Thermal Decomposition of Silver Acetate: Physico-Geometrical Kinetic Features and Formation of Silver Nanoparticles
The thermal decomposition of silver acetate (CH3COOAg) was investigated to reveal the factors controlling the formation of Ag nanoparticles (NPs). The overall kinetic behavior was interpreted as partially overlapping two reaction steps using systematic kinetic and morphological analyses. Although the apparent activation energies were comparable (approximately 75 kJ mol–1), the initial reaction step was regulated by the first order law because of the consumption of reactive sites on the end surfaces of columnar crystals, whereas the subsequent reaction step advanced by shrinkage of the side surfaces of the crystals with an accelerating linear shrinkage rate, resulting in slimming of the crystals. A large surface area of the reactant crystals was exposed to the reaction atmosphere during the course of the reaction by the self-induced migration of the Ag product to the surfaces of the Ag-NP aggregates formed at certain parts of the reactant surfaces. As a result, the atmospheric water vapor affected the kinetic behavior by significantly lowering the reaction temperature. As a possible explanation for these phenomena, a physical mechanism involving evaporation of the reactant and simultaneous condensation of the product is proposed herein.
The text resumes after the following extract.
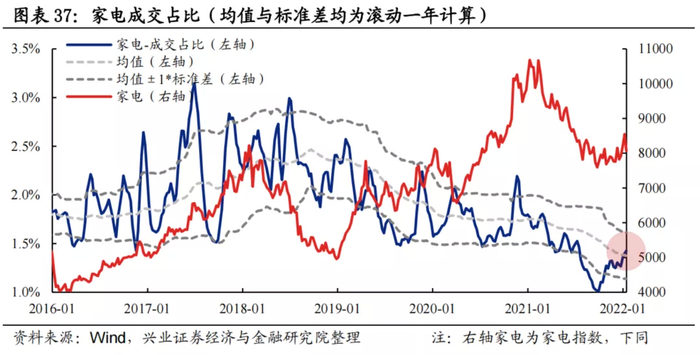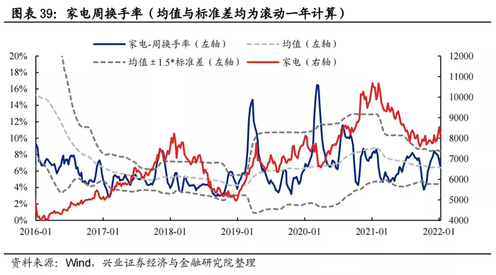 换手率:家电换手率近期有所回落,当前处于均值附近水平。

The thermal decomposition of solids is largely regulated by the reaction geometry and the chemical and physical processes at the reaction interface, including destruction of the reactant crystal lattice, nucleation and crystal growth of the solid product, diffusional removal of gaseous product, and heat transfer. The actual reaction occurring at the reaction interface is thus largely influenced by the self-generated reaction conditions caused by the interactions of the component chemical and physical processes and the related mass and heat-transfer phenomena. In addition, various physicochemical and physico-geometrical events occur, which regulate the overall kinetics of the thermal decomposition.
The practical reaction conditions are generally selected by considering the empirical relationships among the reactant, reaction conditions, and product, as well as the overall rate behavior, as revealed using thermoanalytical measurements. In turn, such complex reaction behaviors and special events can sometimes afford NPs and structural materials comprised thereof. One example is the formation of Au-NPs by the rapid and violent fragmentation of reactant particles during the thermal decomposition of gold acetate as reported by Bakrania et al. The other is the generation of a Ag2CO3–Ag2O core–shell structure during the thermal decomposition of silver carbonate, which exhibits high visible light efficiency in the photocatalytic degradation of pollutants. To identify the major factors that control the formation kinetics of nanosized and structural materials and to determine the most appropriate reaction conditions of the heat treatment in more sophisticated manner, it is necessary to reveal the kinetic characteristics of the thermal decomposition from the viewpoints of physico-chemistry and physico-geometry.
Because of their utilities for various purposes, syntheses of Ag-NPs and their structural and composite materials via thermal decomposition of solid precursors have been extensively studied using different Ag compounds as precursor materials. Among others, the thermal decomposition of silver acetate has been studied for preparing nanowires, nanorods, and catalysts, and these products have been used in electric devices. Logvinenko and Siffiqui determined the apparent kinetic parameters for the thermal decomposition under linearly increasing temperatures in flowing inert gas and in air. Further extension of the kinetic characterization of the thermal decomposition process from the viewpoints of physico-chemistry and physico-geometry would provide direct information useful for controlling the reaction process and the properties of the Ag-NP product.
Along this line, the present study focused on the characteristics of the physicochemical and physico-geometrical mechanisms of the thermal decomposition of silver acetate to form Ag-NPs and the overall kinetics of the process. The kinetic analyses were carried out through systematic measurements of kinetic rate data and logically coordinated kinetic calculations involving kinetic deconvolution analysis. The results were interpreted with the aid of microscopic observations of morphological changes of the sample during the reaction. The investigation was further extended to evaluate the impact of atmospheric water vapor on the kinetics of the overall reaction and on each reaction step. Through these investigations, the rarely observed special features of the thermal decomposition were revealed, and the possible causes were examined to gain information essential for the sophisticated design of the controlled synthesis of Ag-NPs and structural materials comprised thereof via thermal decomposition of silver acetate.